*Data section*:
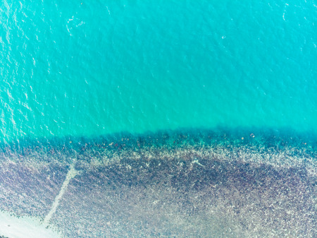Aerial top view of clear turquoise ocean water with reefs. Nature summer background
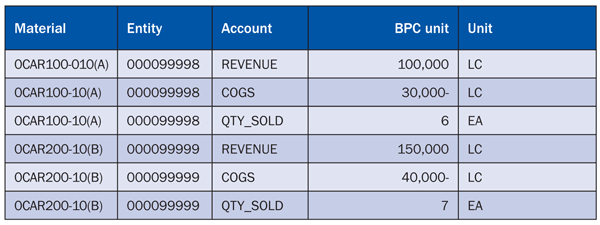 Imagine a car vendor stores its revenue in a currency key figure called ZREVENUE, and its Cost of Goods Sold (COGS) in a key figure called ZCOSTS in an SAP NetWeaver BW InfoCube (Table 3). In addition, the InfoCube contains a third key figure called 0QANTITY of type Quantity, which stores the number of cars sold. SAP BusinessObjects Planning and Consolidation only has one key figure, so how do you get three SAP NetWeaver BW key figures, which are of types quantity and currency amounts, to fit into SAP BusinessObjects Planning and Consolidation? In addition, there is only one SAP BusinessObjects Planning and Consolidation unit field, the report currency dimension RPTCURRENCY. SAP NetWeaver BW has different units for different key figures, such as 0UNIT for quantities and 0CURRENCY for amounts.
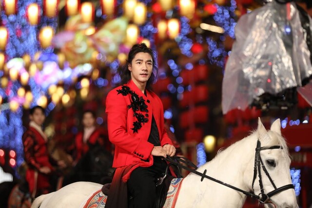 宜宾分会场的开场引子中,一袭红衣劲装的川籍演员此沙率领骑手们从茶马古道疾驰而出,与天上的AI“飞马”一道,穿蜀南竹海,过李庄古镇,在长江大桥上与现代智轨并肩驰骋,从五粮液501白酒文化圣地奔向合江门……
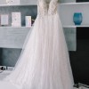 This dress does have to be seen to be believed; it is so unique. The bodice is sheer and underlined around chest, covered in applique, beading and sequins. I had bra cups built in, but of course these can be taken out if not suitable (I had these added in for uplift and shape, but as you can probably tell from images, the original dress shows the model without these). The skirt has 4 layers of slightly structured underskirt, baby pink tulle, sequinned tulle and ivory tulle to create an amazing sparkle and glow. The detailing of the bodice continues all the way around, making way for some unbelievable close up shots.

*Task prompt*: Nothing but the lines from the one with "宜宾分会场的开场引子中,一袭" through the last line of the material above should appear in the answer, each copied exactly, with no pictures.

*Task solution*:
 宜宾分会场的开场引子中,一袭红衣劲装的川籍演员此沙率领骑手们从茶马古道疾驰而出,与天上的AI“飞马”一道,穿蜀南竹海,过李庄古镇,在长江大桥上与现代智轨并肩驰骋,从五粮液501白酒文化圣地奔向合江门……
 This dress does have to be seen to be believed; it is so unique. The bodice is sheer and underlined around chest, covered in applique, beading and sequins. I had bra cups built in, but of course these can be taken out if not suitable (I had these added in for uplift and shape, but as you can probably tell from images, the original dress shows the model without these). The skirt has 4 layers of slightly structured underskirt, baby pink tulle, sequinned tulle and ivory tulle to create an amazing sparkle and glow. The detailing of the bodice continues all the way around, making way for some unbelievable close up shots.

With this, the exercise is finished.